Когда свита Morgan Guaranty вернулась в обновленный Corner, интерьер здания отражал новую эру банковского дела. Все было открыто: стеклянные и мраморные ограждения были снесены. Фирменные столешницы с потайными ящиками были заменены на плоские письменные столы из красного дерева с кожаной обивкой. Огромная люстра в стиле Людовика XV, какие можно встретить в старинных немецких и австрийских дворцах, теперь заливала комнату богатым светом, а старые мозаичные панно были обтянуты яблочно-зеленой тканью. Пышность осталась, но исчезла прежняя таинственность. Самое главное изменение заключалось в том, что этот банковский этаж - некогда целый банк - теперь был просто шикарным предбанником небоскреба на Брод-стрит, 15, хотя высшие чиновники продолжали занимать свои кабинеты на втором этаже дома 23 по Уолл. Словно демонстрируя свое пренебрежение к мирским соображениям стоимости, банк отклонил предложения о расширении своего короткого здания. Стоя в вечной тени небоскребов. 23 Wall, вероятно, так и остался наименее экономически эффективным объектом недвижимости в мире.

Вскоре после слияния американский банковский сектор начал вырываться на свободу. При Эйзенхауэре банкиры мечтали о депозитах: в погоне за миллиардами красивых вкладов Генри Александер обхаживал Guaranty. Но когда к концу 1950-х годов процентные ставки взлетели до головокружительных 4,5%, казначеи корпораций не захотели расставаться с беспроцентными вкладами ("компенсационными остатками") в обмен на кредиты. Некоторые банкиры считали это ересью, поэтому Morgans помогал клиентам переводить свои депозиты в более высокодоходные инструменты денежного рынка. Как сказал Джордж Уитни критикам, "мои клиенты не дураки".

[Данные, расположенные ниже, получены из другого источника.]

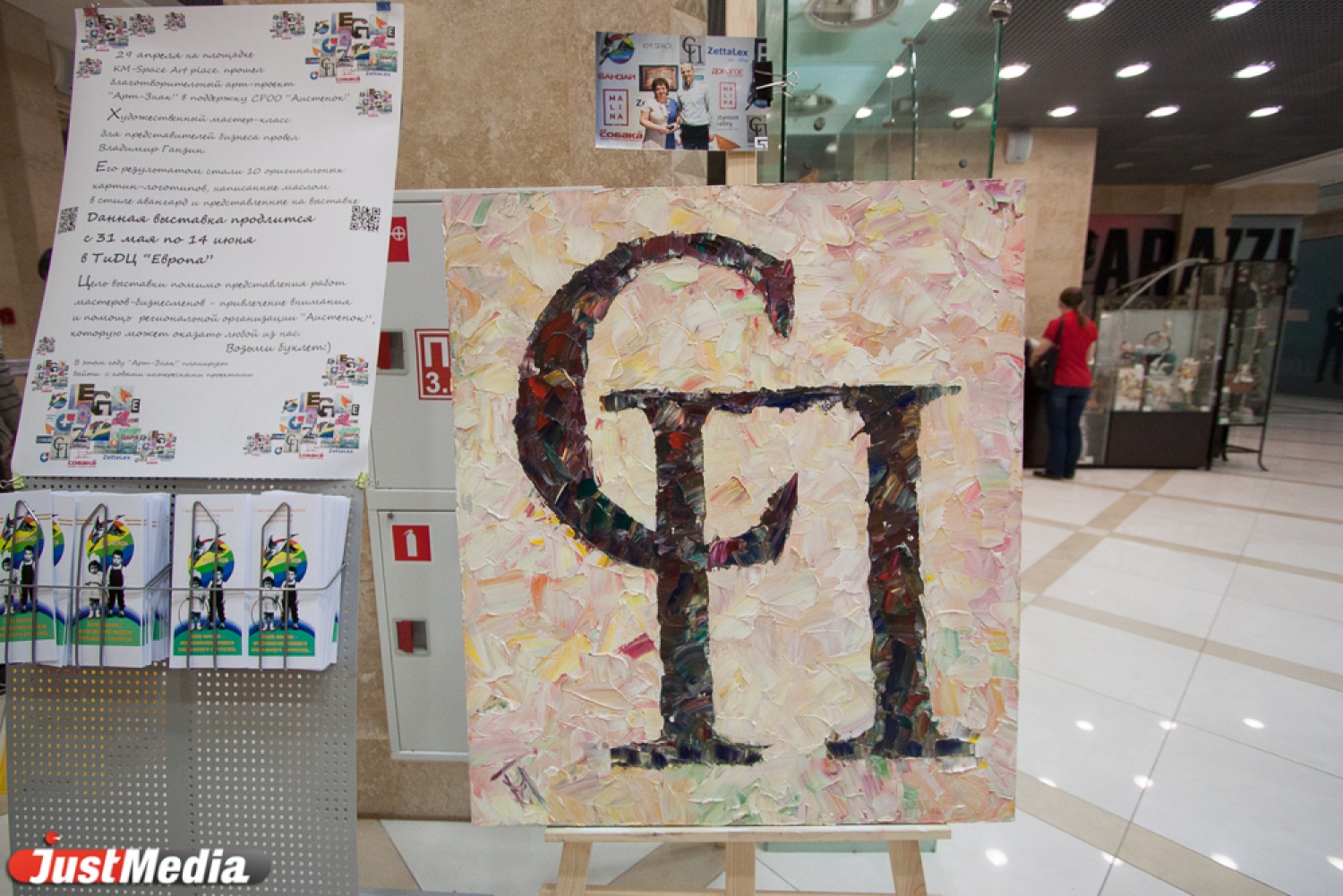 В Екатеринбурге в торговом центре «Европа» открылась выставка необычных картин. На них известные уральские бизнесмены маслом изобразили логотипы своих компаний.
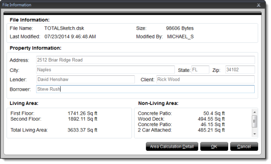 TOTAL Sketch provides quick access to a sketch's details — including area calculations, property information, and file information through its Sketch Details. To access your sketch's details:
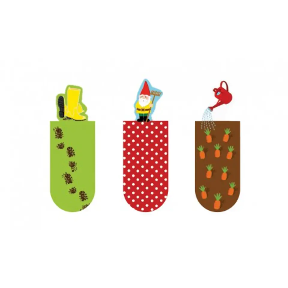 Zakładki magnetyczne - Ogród Pięknie ilustrowane zakładki z wystającymi, ozdobnymi elementami. Idealne do zaznaczania ostatnio czytanych lub ulubionych fragmentów książek. Doskonale sprawdzają się w indeksowaniu notatek, dokumentów w biurze, w szkole i w domu. Każdy zestaw zawiera 3 zakładki o różnych wzorach. Wymiary : 5,5 cm, 2 cm. 31070
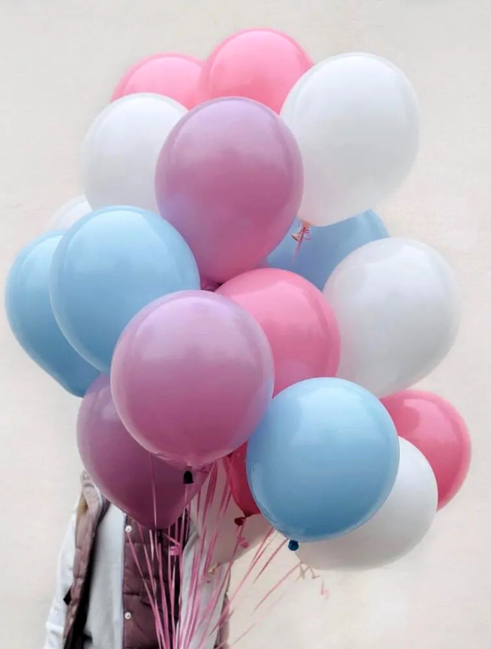 Состав: 25 латексных воздушных шаров в пастельных оттенках: голубые, розовые, белые и сиреневые.
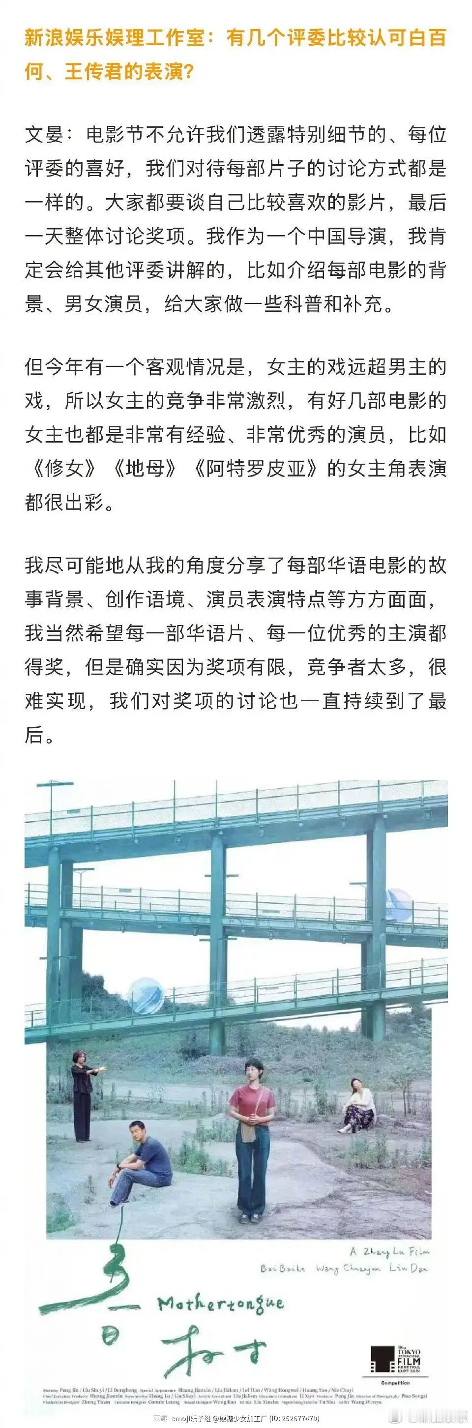 文晏的采访。第一沪圈无稽之谈。第二男演员里最喜欢的是蒋奇明,但是不可能她喜欢的都能拿奖。第三女演员竞争激烈,表演出色的除了影后还提到了另外三个女演员包括冰冰,没有白百何。结合桂纶镁的说法,真相如何很明显了

Перспектива постепенной эрозии свободных остатков была неминуема. Для House of Morgan, лишенного подушки безопасности в виде потребительских вкладов, призрак потери корпоративных депозитов был особенно зловещим. Некоторые сотрудники банка с поразительной ясностью видели мрачное будущее оптовых банковских операций. Томас С. Гейтс-младший, сменивший Александра на посту председателя правления, в шутку говорил ему: "Знаешь, это не самый удачный бизнес".

Эмансипация была близка. В 1961 году Джордж Мур и Уолтер Уристон из банка First National City придумали, как обойти ограничение на процентные ставки. По закону банки не могли выплачивать проценты по вкладам, хранящимся менее тридцати дней. Но, продавая "оборотные депозитные сертификаты", срок погашения которых превышал тридцать дней, банки могли выплачивать проценты. Кроме того, эти сертификаты могли быть предметом торговли (отсюда и слово "оборотный" в их названии). Их использование привело к революции в работе коммерческих банков, освободив их от зависимости от депозитов. Банкирам больше не нужно было ждать вкладов, и они были освобождены как от компаний, так и от потребителей. Теперь они могли путешествовать по миру и привлекать деньги, продавая компакт-диски на зарубежных оптовых рынках. Новая система получила название "управляемые пассивы". (В банковской терминологии кредиты - это активы, а депозиты - пассивы). Таким образом, банковские отношения разрушались с двух сторон - со стороны беспокойных корпоративных казначеев, требовавших доходности по своим депозитам, и со стороны свободолюбивых банкиров, которые могли обойтись без депозитов и обратиться к денежным рынкам.